# ray.data.grouped_data.GroupedData.std#

GroupedData.std(on: str | List[str] = None, ddof: int = 1, ignore_nulls: bool = True) [source]#

Compute grouped standard deviation aggregation.

Examples

```>>> import ray
>>> ray.data.range(100).groupby("id").std(ddof=0)
>>> ray.data.from_items([
...     {"A": i % 3, "B": i, "C": i**2}
...     for i in range(100)]) \
...     .groupby("A") \
...     .std(["B", "C"])
```

NOTE: This uses Welford’s online method for an accumulator-style computation of the standard deviation. This method was chosen due to it’s numerical stability, and it being computable in a single pass. This may give different (but more accurate) results than NumPy, Pandas, and sklearn, which use a less numerically stable two-pass algorithm. See https://en.wikipedia.org/wiki/Algorithms_for_calculating_variance#Welford’s_online_algorithm

Parameters:
• on – a column name or a list of column names to aggregate.

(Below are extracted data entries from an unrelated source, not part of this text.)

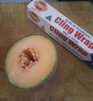 Poner se aferra abrigo sobre la fruta y poner el animal de la comida en un recipiente hermético.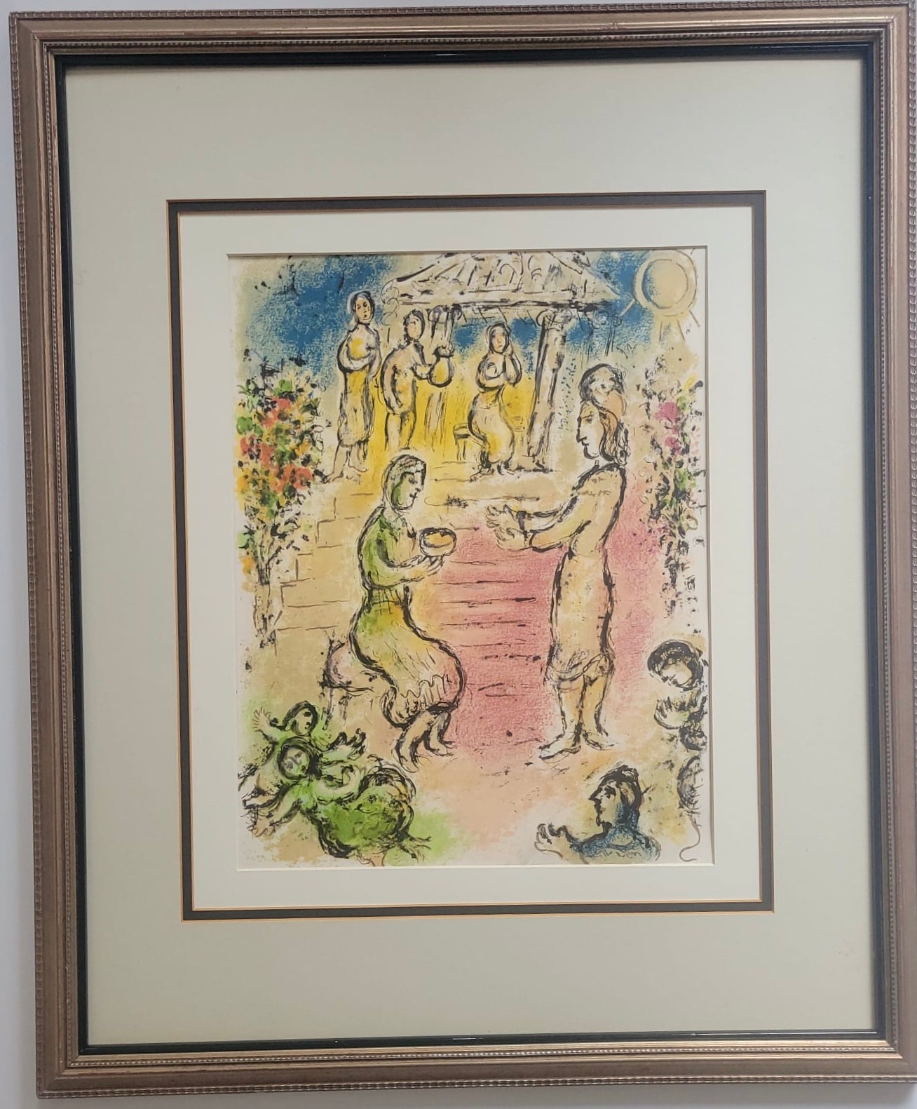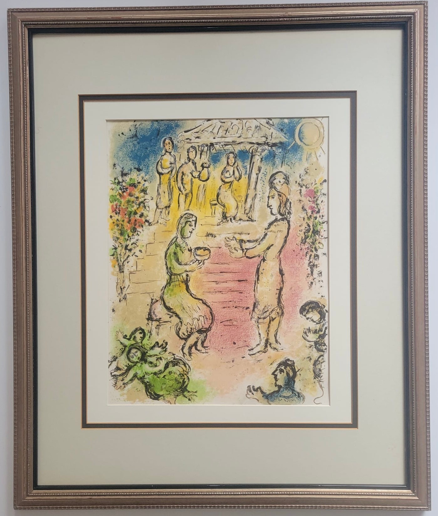 Offset lithograph titled "Alcinous' Palace" by artist Marc Chagall, depicting a scene from Homer's Odyssey.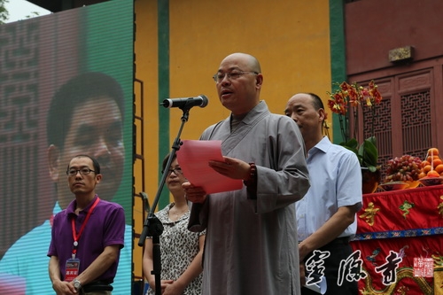 开幕式由允观法师主持,光泉法师和倪忠扬副主任分别代表省佛教协会和省宗教行政管理部门致辞。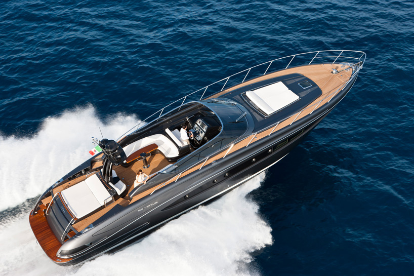 fashioned with a typical mediterranean style, the vessel exudes a sporty look that follows the same lines of the brand’s ’63’ vertigo virtus’. designed to encompass the character of the ‘rivale’, another model of the riva open line, the ‘riva 63′ virtus’ incorporates larger spaces providing a high quality of livability and on board comfort. its sleek profile is emphasized by large arrow-shaped side windows, a specific trademark which has attributed to the success of other riva models, offering a good flow of natural lighting onto the deck below. focusing on offering communal areas throughout, the spacious exterior features two large sundecks, one located at the bow and one astern situated above the garage where the tender is parked. the intention to enhance the social aspects of using the boat is extended into the helm area where the driving seat is a three-seater sofa, giving owners the chance to share the pleasure of driving the yacht with guests. this section is protected by a large windshield with a double curve that gives boaters comfort while cruising on the water.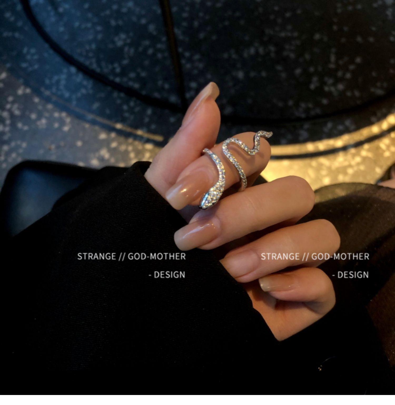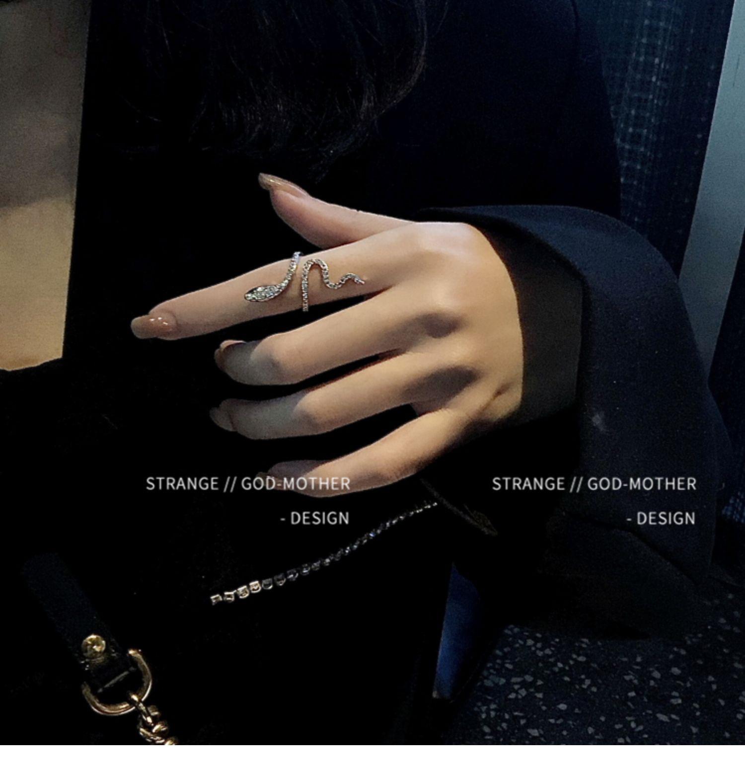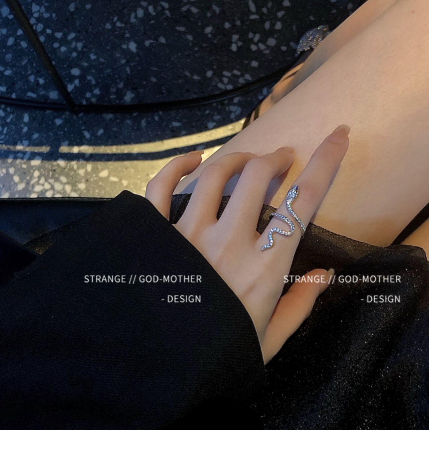 Anillo con forma de serpiente para mujer con diamantes completos, diseño nicho, anillo personalizado abierto para el dedo índice, lujo accesible, anillo popular de moda

• ddof – Delta Degrees of Freedom. The divisor used in calculations is `N - ddof`, where `N` represents the number of elements.

• ignore_nulls – Whether to ignore null values. If `True`, null values will be ignored when computing the std; if `False`, if a null value is encountered, the output will be null. We consider np.nan, None, and pd.NaT to be null values. Default is `True`.

Returns:

The standard deviation result.

For different values of `on`, the return varies:

• `on=None`: a dataset containing a groupby key column, `"k"`, and a column-wise std column for each original column in the dataset.

• `on=["col_1", ..., "col_n"]`: a dataset of `n + 1` columns where the first column is the groupby key and the second through `n + 1` columns are the results of the aggregations.

If groupby key is `None` then the key part of return is omitted.